Ornella confie que la vie en tant que personne déplacée est difficile. Elle confie : « Je vis très difficilement depuis que nous sommes arrivés ici à Beni. Dans notre famille d’accueil, nous sommes 12 personnes, manger, c’est difficile, on mange ce qu’on trouve, quand il n’y a rien à manger, on dort ».
Pour nourrir sa famille, Ornella a fait de petits boulots. Pas toujours suffisant pour prendre soin de tout le monde : « Je prends des poissons Thomson (chinchard) chez un poissonnier, je les fume pour les revendre. Je dois d’abord lui remettre le prix de son poisson et s’il reste quelque chose, c’est ça mon petit bénéfice qui varie entre 5000 et 8000FC certains jours. Mais c’est insuffisant pour nourrir toute la famille, d’autant plus que maman ne travaille pas », explique-t-elle.
« Je vais ouvrir un atelier »
Comme elle, les vingt-neuf autres femmes qui ont suivi cette formation ont reçu une machine à coudre. Des accessoires comme du tissu, du fil à coudre, des dés, des ciseaux, ainsi qu’un petit fonds de démarrage leur avaient déjà été octroyés. De quoi envisager désormais sereinement l’avenir.
« Je suis ravie car je vais commencer à coudre pour pouvoir gagner ma vie. J’ai appris à coudre jupes, pantalons, chemises, blouses et boubous pour hommes et femmes. Je vais abandonner le petit métier de fumage de poissons Thomson pour me consacrer à la couture. Je vais ouvrir un atelier de couture, ici, à Beni.
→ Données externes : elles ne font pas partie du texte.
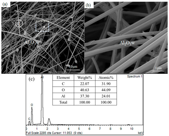 SEM images (a,b) and EDS spectrum (c) of the as-synthesized samples: Al2O3w means Al2O3 whiskers.

Mon avenir maintenant est un peu plus clair, je me sens heureuse et rassurée », affirme Ornella qui exhibe fièrement son brevet de participation à la formation et sa machine à coudre.
Sifa nourrit les mêmes ambitions. Son bébé de trois mois arrimé au dos, elle affirme que pour rien au monde elle n’aurait manqué cette formation qu’elle a suivie alors que sa grossesse arrivait presqu’à terme. « L’enfant que je porte dans le dos est né pendant la formation », souffle-t-elle, visiblement émue.
Sifa affirme également qu’elle va ouvrir un atelier de couture à Beni. Pour elle, cette formation lui a «restitué», en quelque sorte, ce qu’elle avait perdu en fuyant avec son mari et leurs deux enfants Mangina, leur village, à 30 km de Beni, à cause des ADF qu’elle avait vu égorger des villageois.
Sifa en est convaincue, cette formation est un nouveau départ : « Mon mari ne travaille pas. Avec cette machine et les accessoires que j’ai reçus, je vais ouvrir un atelier de couture ici à Beni, je ne vais plus retourner à Mangina. Cette formation m’a donné une garantie d’espoir pour mon foyer ; elle me permettra de lutter contre la pauvreté, les maladies et de scolariser mes enfants. Vous avez assuré mon avenir, car cette petite machine vient combler le grand vide que les atrocités ont causé dans ma vie. J’ai dû fuir mon village, abandonner mes champs, pour venir vivre ici, sans revenus. Je vais recommencer ma vie, grâce à cette formation et à cette machine. »
Les participantes ont bénéficié d’un encadrement holistique tout au long de ce parcours : prise en charge médicale, prise en charge psycho-sociale, prise en charge juridique et judiciaire à travers la clinique juridique Great Lakes Human Rights Program (GLHRP), partenaire du Bureau conjoint des Nations unies aux droits de l’Homme.